Close Brothers, a leading UK merchant banking group, has seen profits surge in preliminary results for the 2021 financial year, registering growth across all departments.
Group income climbed by 10 per cent while adjusted operating profit grew to £270.7m, 88 per cent higher than the previous year. Investors were treated to earnings of 134.8 pence per share, up from 72.8 pence in 2020 with the board proposing a full year dividend per share of 60p.
Adrian Sainsbury, Chief Executive of Close Brothers since September 2020, commented on the company’s “strong financial performance,” saying the firm had “made the most of the opportunities arising as the economy recovers from the effects of Covid-19.”
“We are encouraged by the improvement in the economic outlook, although the trajectory remains uncertain,” he added.
The company saw revenue growth across all divisions. The banking services department drove revenues, upping intake by 114 per cent year-on-year to £212.5m amid loan book growth of 10.9 per cent and an increase in customer deposits of 12 per cent.

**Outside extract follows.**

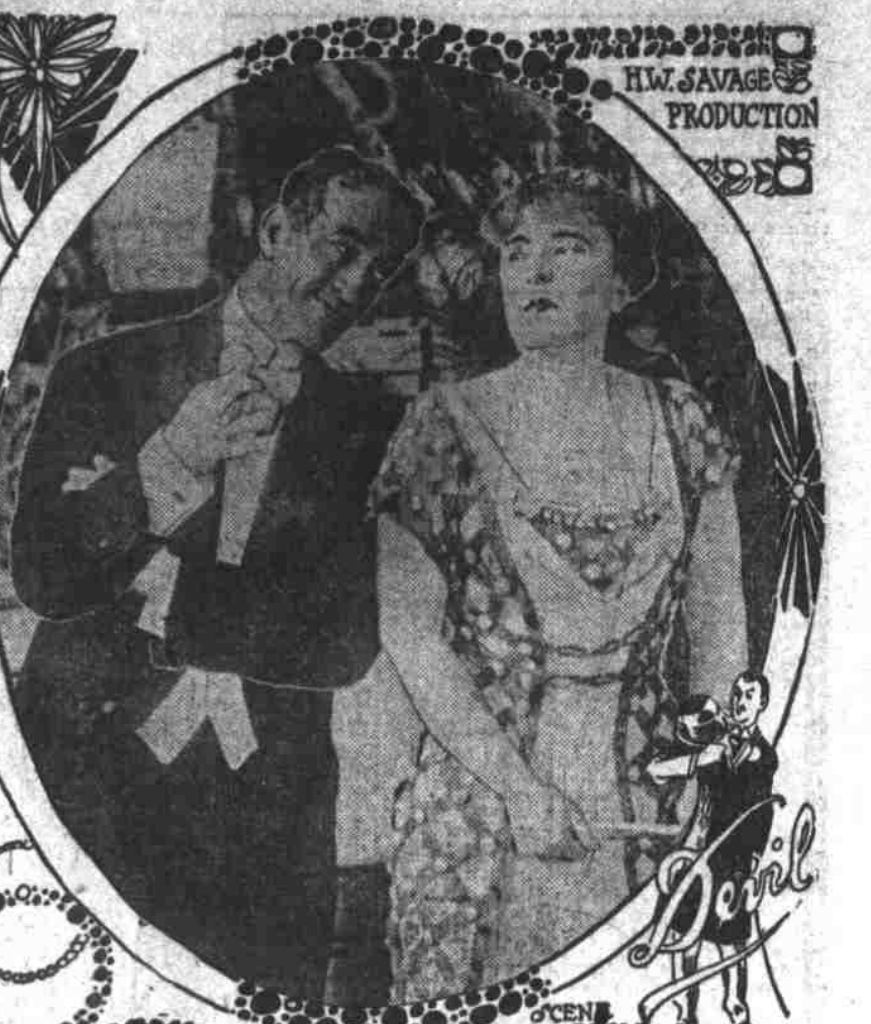
THE DEVIL AT THE HELDIG, DEC. 14 & 15

Takings in the Asset Management division also increased with managed assets growing by 24 per cent to £15.6bn.
Winterflood, the company’s securities arm which offers market-making, sales, research and corporate broking services, saw adjusted operating profit increase by 27 per cent to £60.9m in the year ending July 30 2021 with only one loss making day in spite of volatile market conditions.
In a statement the company said its deep experience in navigating a wide range of economic conditions, leaves the banking group in a strong position going into FY22.
Moody’s Investors Services updated its credit rating for Close Brothers Group to ‘A2/P1’ and Close Brothers Limited to Aa3/P1 with a ”negative” outlook in recognition of the bank’s strong appetite for risk.
The company’s share price dropped by 1.33 per cent yesterday after the results were published, with shares up 11.64 per cent this year to date.